Гатамхан-ага. Сейчас я объясню тебе, сын мой. Для меня совершенно ясно, что, каковы бы ни были наши обычаи и нравы, у парижан все наоборот. Например, мы красим руки, уной, а французы нет; мы бреем головы, а они отпускают волосы; мы сидим дома в шапках, а они с непокрытой головой; мы носим башмаки, а они ботинки; мы едим рукой — они ложкой; мы принимаем подношения открыто — они принимают их тайком; мы верим всему, а они ничему не верят; наши женщины носят короткие платья, а их женщины — длинные; у нас в обычае иметь много жен, а в Париже — много мужей…
Шахбаз-бек. Вот этого я не понял, дядюшка.

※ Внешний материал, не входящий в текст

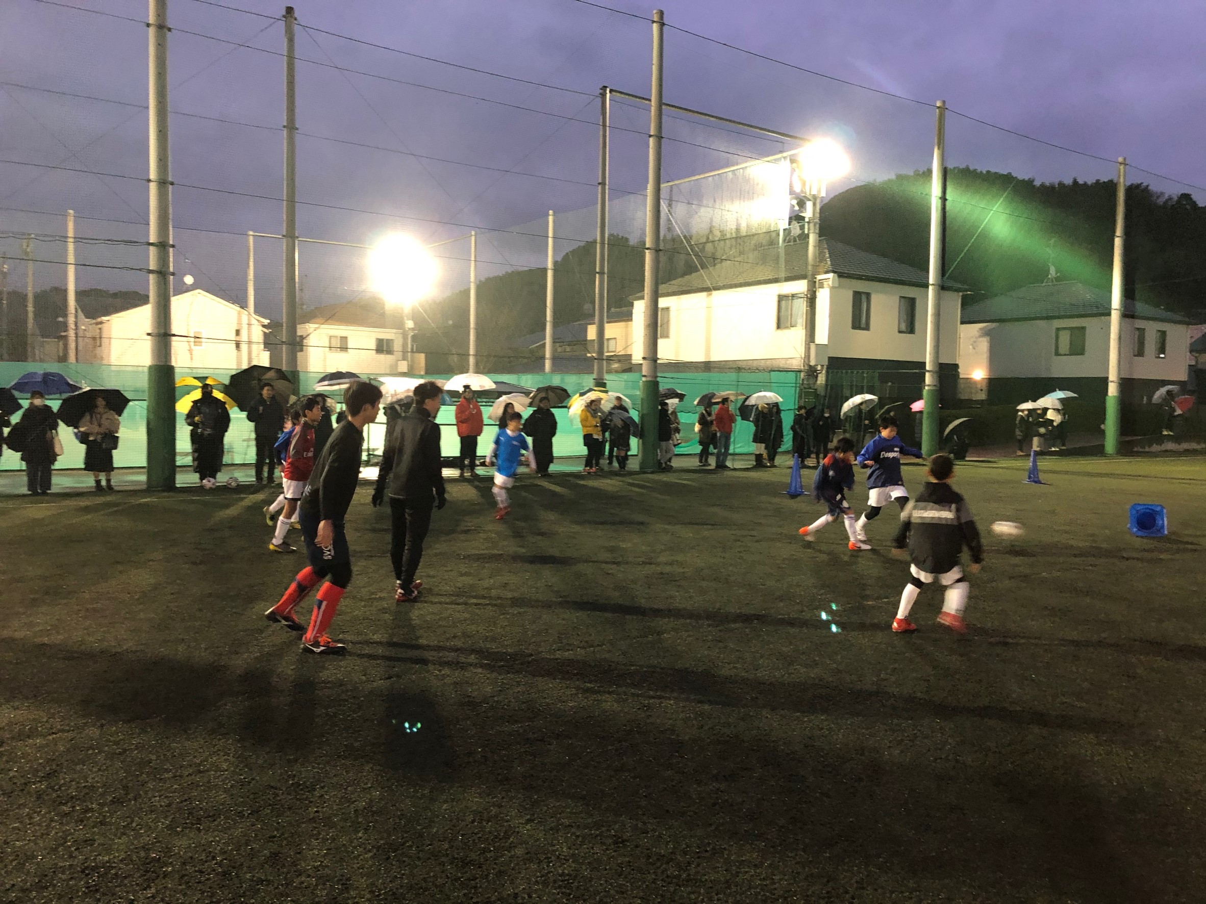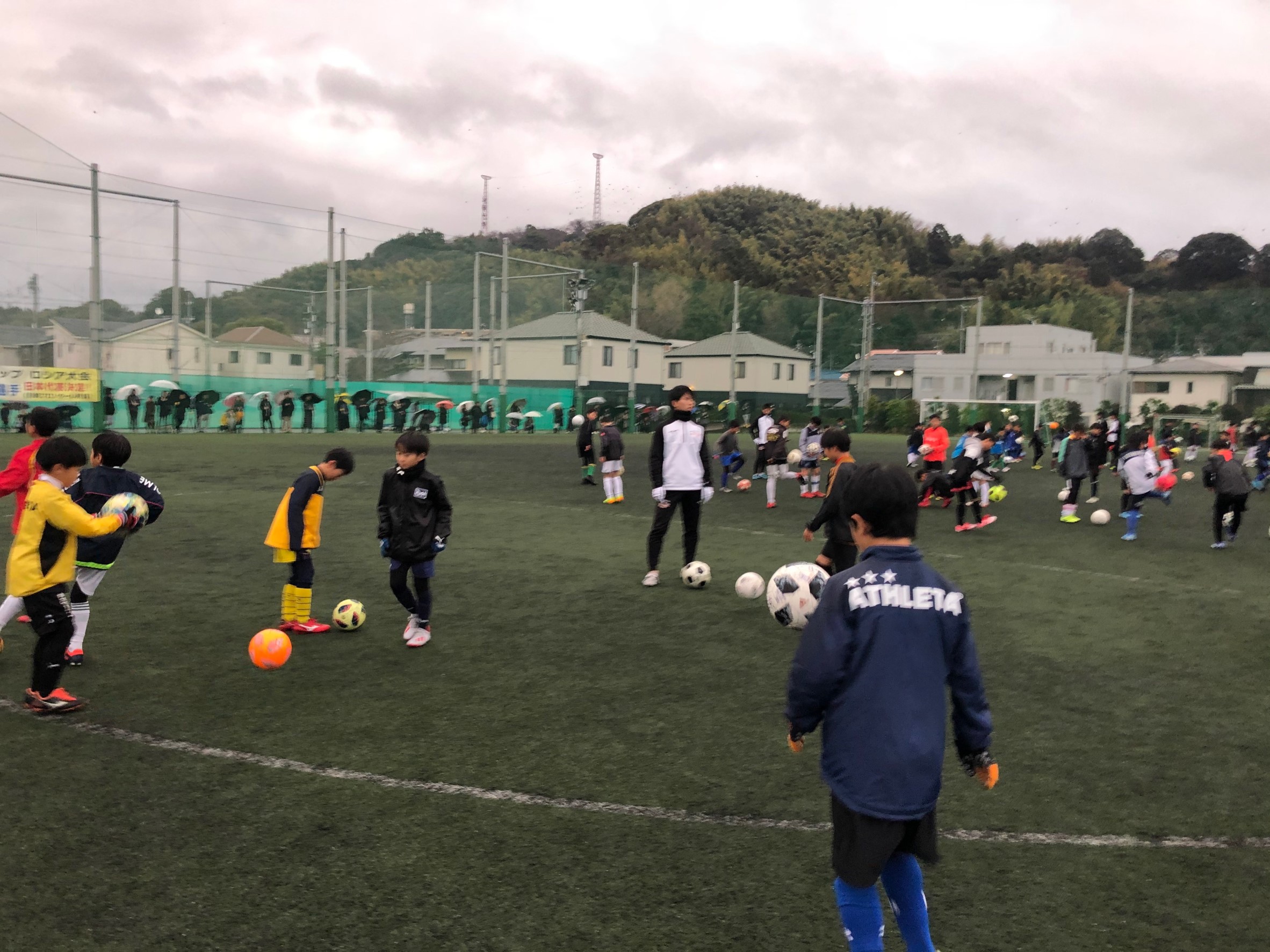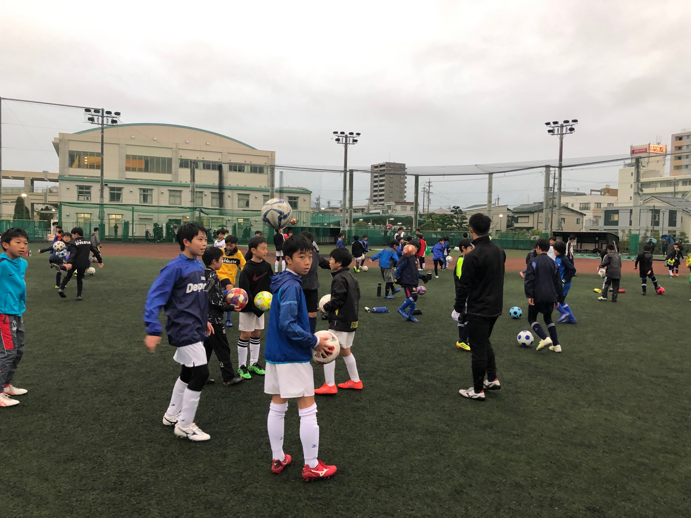 優勝メンバーによるリフティングやドリブルのお手本や技術的な指導を直接受け、最後にミニゲームを行い優勝メンバーとたくさん触れ合いました。

Гатамхан-ага. Почему же не понял, сын мой? Иметь много жен означает, что один мужчина не довольствуется одной женой, а иметь много мужей — это значит, что одна женщина не довольствуется одним мужем. Первый обычай существует у нас, второй — у парижан, если судить по тем книгам, содержание которых всю зиму подробно рассказывал нам мусье Жордан. Вот по такому образцу суди обо всем остальном и откажись от бесполезной мысли ехать в Париж.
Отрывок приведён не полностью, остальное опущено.